Skeleton Lake Oasis cottage perched on the water
Located right off of Lake Muskoka, this dreamy cottage is a true oasis. We wanted to work with the land in building this home, and we brought as many aspects of the surrounding rockscape and waterfront into the build as possible. With stunning views and reclaimed wood floors, this house is stunningly beautiful, livable and natural.
What made this project unique?
This Skeleton Lake luxury cottage sits in the midst of a large tract of natural forest owned land by our client, making it relatively isolated on an extraordinarily popular piece of waterfront. The rare find is a diamond in the rough, sitting right in the middle of Muskoka cottage country.
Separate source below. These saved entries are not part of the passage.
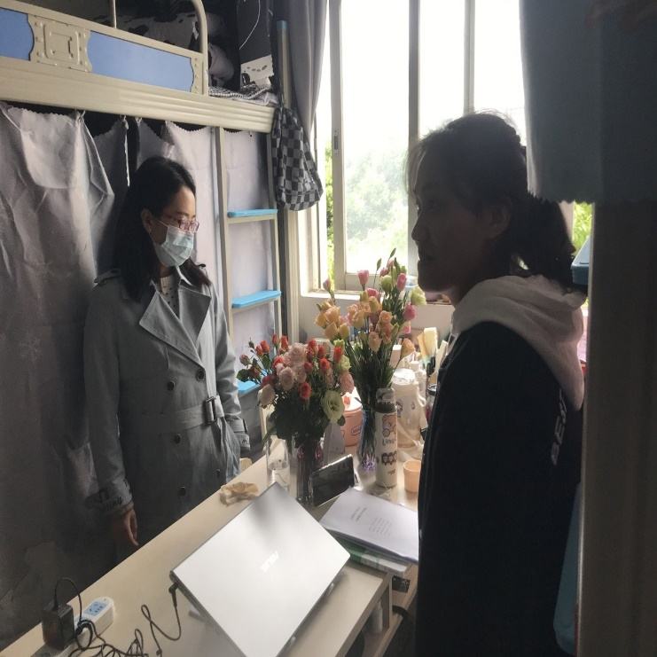 在经开校区,三支部小分队在商务信息学院党总支副书记李忠岘和两位辅导员老师的带领下,一起走访了学生宿舍。假期的经开校园学生不多,留校的同学大部分都会约上朋友昆明一日游,早上出门晚上按时返回学校。走访中发现不少女生宿舍里都插着一束鲜花,用鲜花装点后的宿舍,增添了假日心情的轻松快乐。李忠岘副书记还介绍学院将策划篮球比赛等活动来丰富留校同学的假期生活。
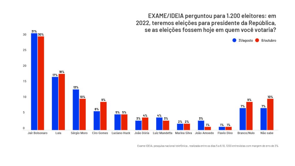 Nenhum/branco/nulo, 21% e Não sabe/não respondeu, 5%.
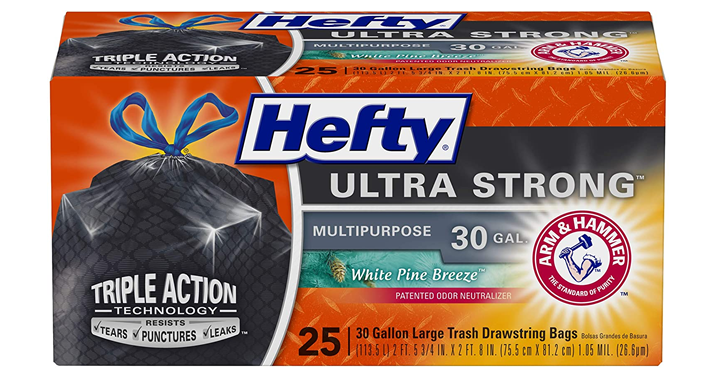 Get on over to Amazon and get Hefty Ultra Strong Multipurpose Large Trash Bags, 30 Gallon, 25 Count – Just $4.32!
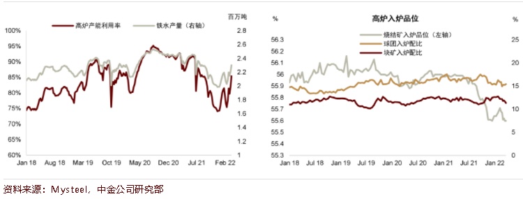 图表: 高炉产能利用率与铁水产量及高炉入炉品位
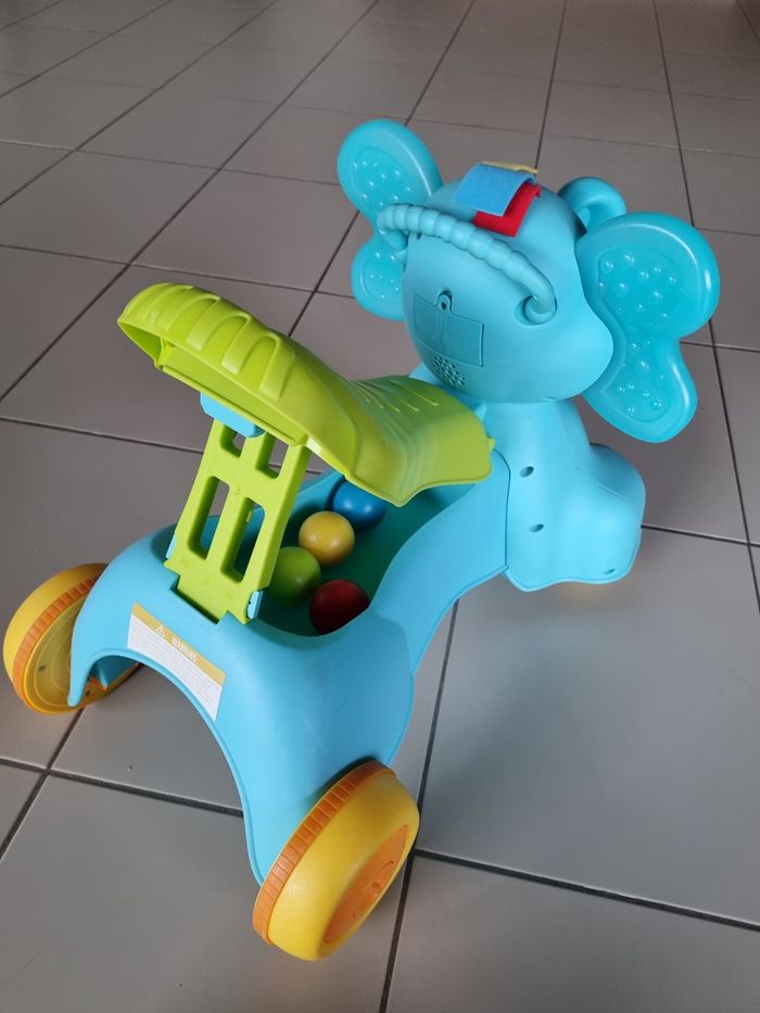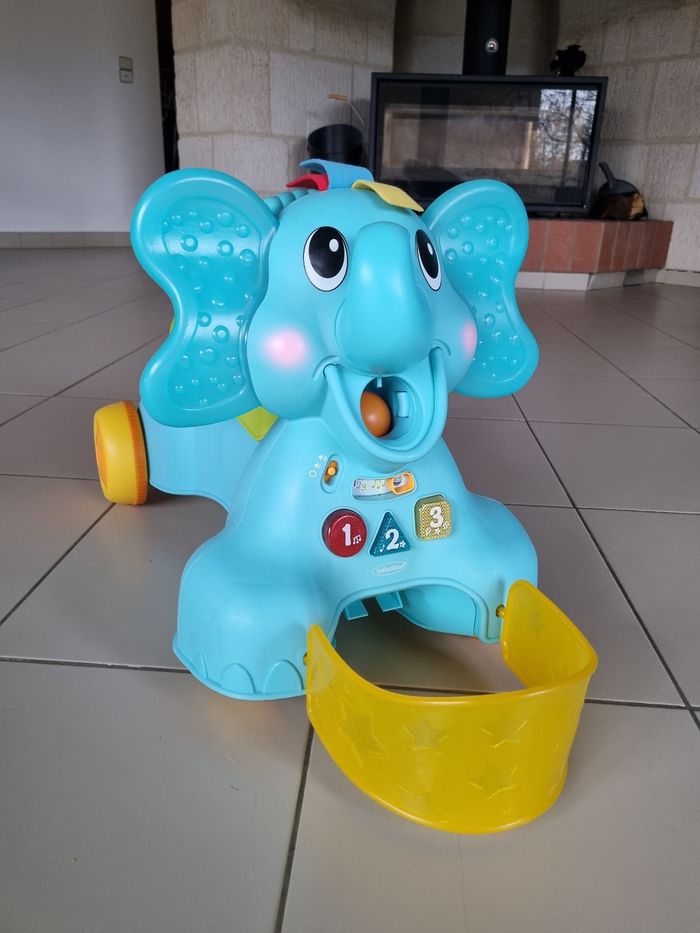 Le porteur évolutif INFANTINO Eléphant 3 en 1 stimule l'enfant à jouer et à se déplacer. Il peut être utilisé comme porteur, trotteur ou ramasseur de balles. Convient aux enfants de 6 mois à 3 ans Dimensions : 610*198*406 mm. Alimenté par piles qu il faudra changer. Effets sonores inclus. Poids : 4.27 kg. Couleur principale : Bleu. Avec balles. Vendu neuf : 56 euros Attention colis imposant ne peut pas aller dans un locker. Dépôt en point relai.

We utilized the rock slope of the surrounding land to create a walkout and area for a hot tub, as well as a lower seating area. By working with the land instead of against it, we were able to create a luxury Muskoka cottage with walking trails on the property and the future plans to make it into a family and guest compound. Within the tract of land is a private lake where there is another guest cottage, allowing for the ultimate zone of relaxation and simplicity.
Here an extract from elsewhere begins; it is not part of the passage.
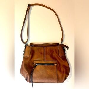 Realer Brown Faux Leather Bag Shoulder or Crossbody Purse Multiple Pockets
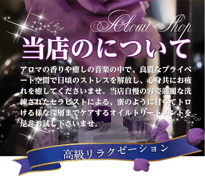 ご愛顧のお客様に感謝の気持ちを込めて、様々なお得な特典キャンペーンをご用意しております。疲れを当店でほぐしましょう!当店は洗練された美人セラピストのみ在籍中!どうぞ、ご安心してご利用くださいませ!

What were some of the most interesting and captivating design choices?
When designing this Muskoka waterfront cottage, we wanted to match the environment that surrounded it. With custom lighting, a glass railing that doesn’t obstruct the view and an open-floor concept to encourage mingling and parties, this cottage on Skeleton Lake is designed to be lived in fully. In order to create a cottage that works with the surrounding area, we used as many natural materials as possible — including Muskoka granite — to let the house blend with the outdoors. When it came to the Muskoka cottage interior design, we installed features like reclaimed elm floors, barn board from Colorado and huge patio doors in the master bedroom to help to bring the outdoors in.
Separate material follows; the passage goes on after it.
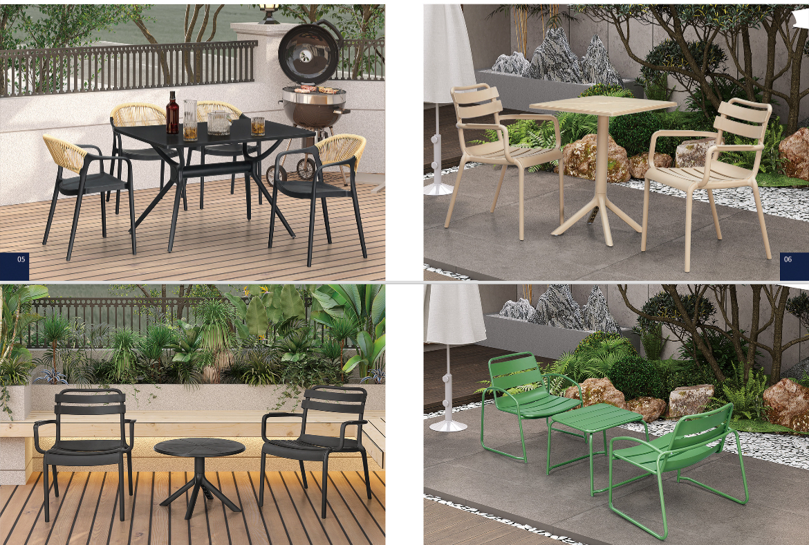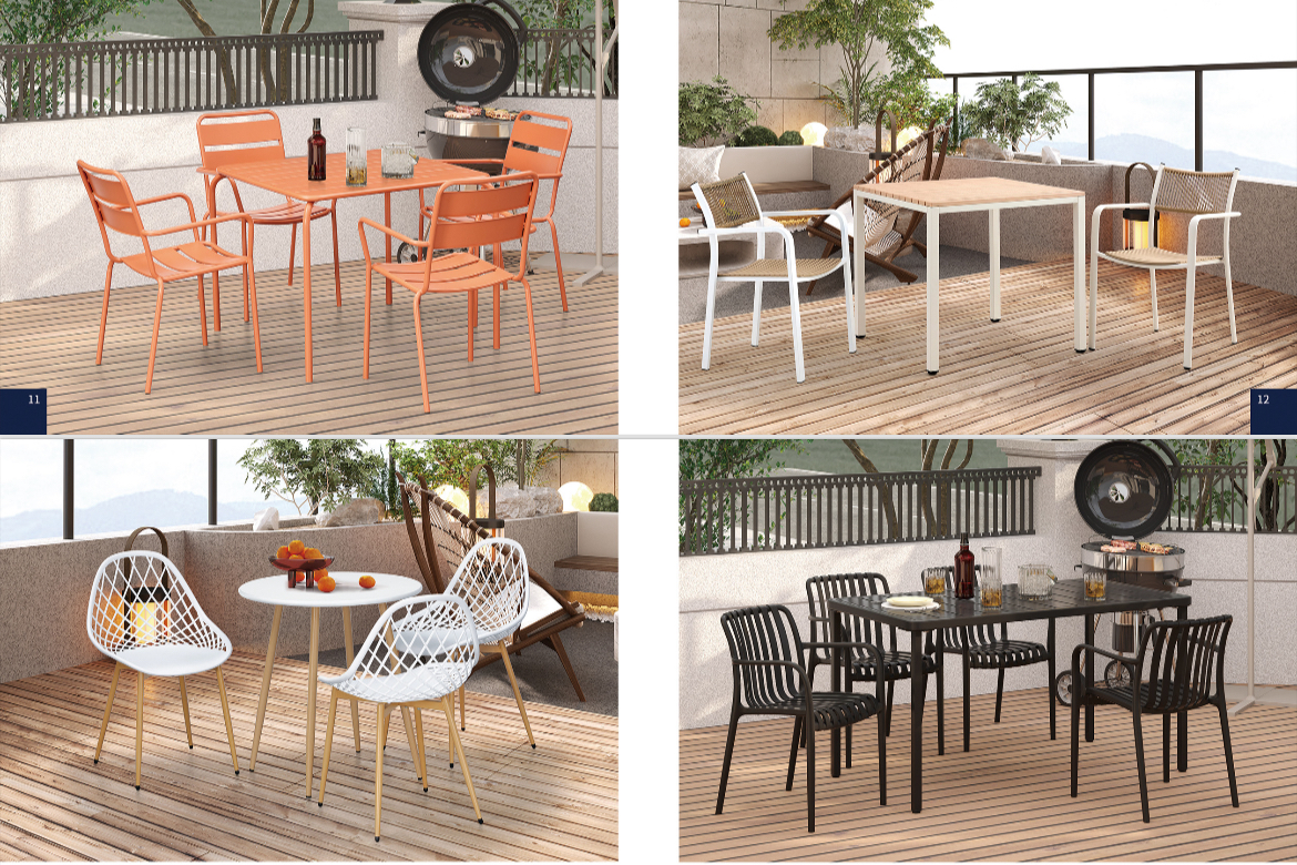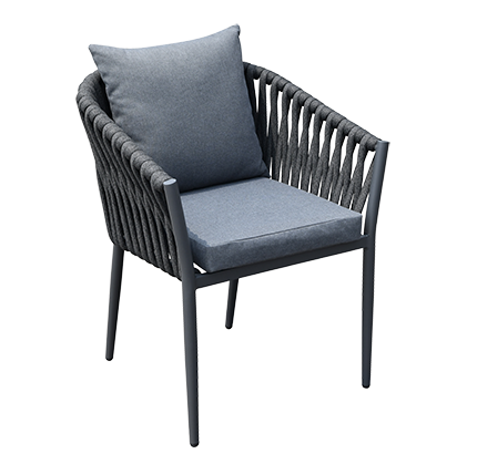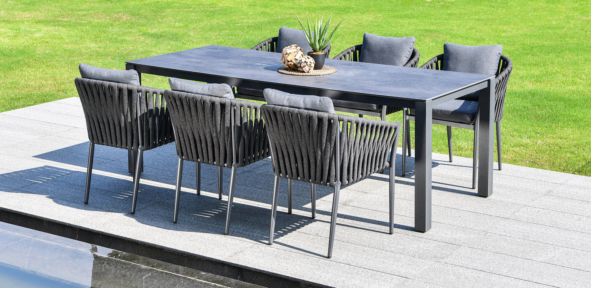This contemporary collection features durable tables with a ceramic glass-look top and sleek, dark aluminum frame, perfectly paired with a stylishly woven rope design offers a modern aesthetic that complements any outdoor decor.

What were some of the energy-efficient design elements?
In this home, energy efficiency was considered from the ground up. One of our biggest goals was to use it to support the environment that surrounded it. We let the rockscape situate the house instead of situating the rockscape around the house, and we used plenty of natural elements in the home, from Muskoka granite and reclaimed elm to contaminant-free barn board and Ontario clear pine. Hydronic radiant heat system was used under the concrete floors uses a concrete mass as a heat-sink creating warmth.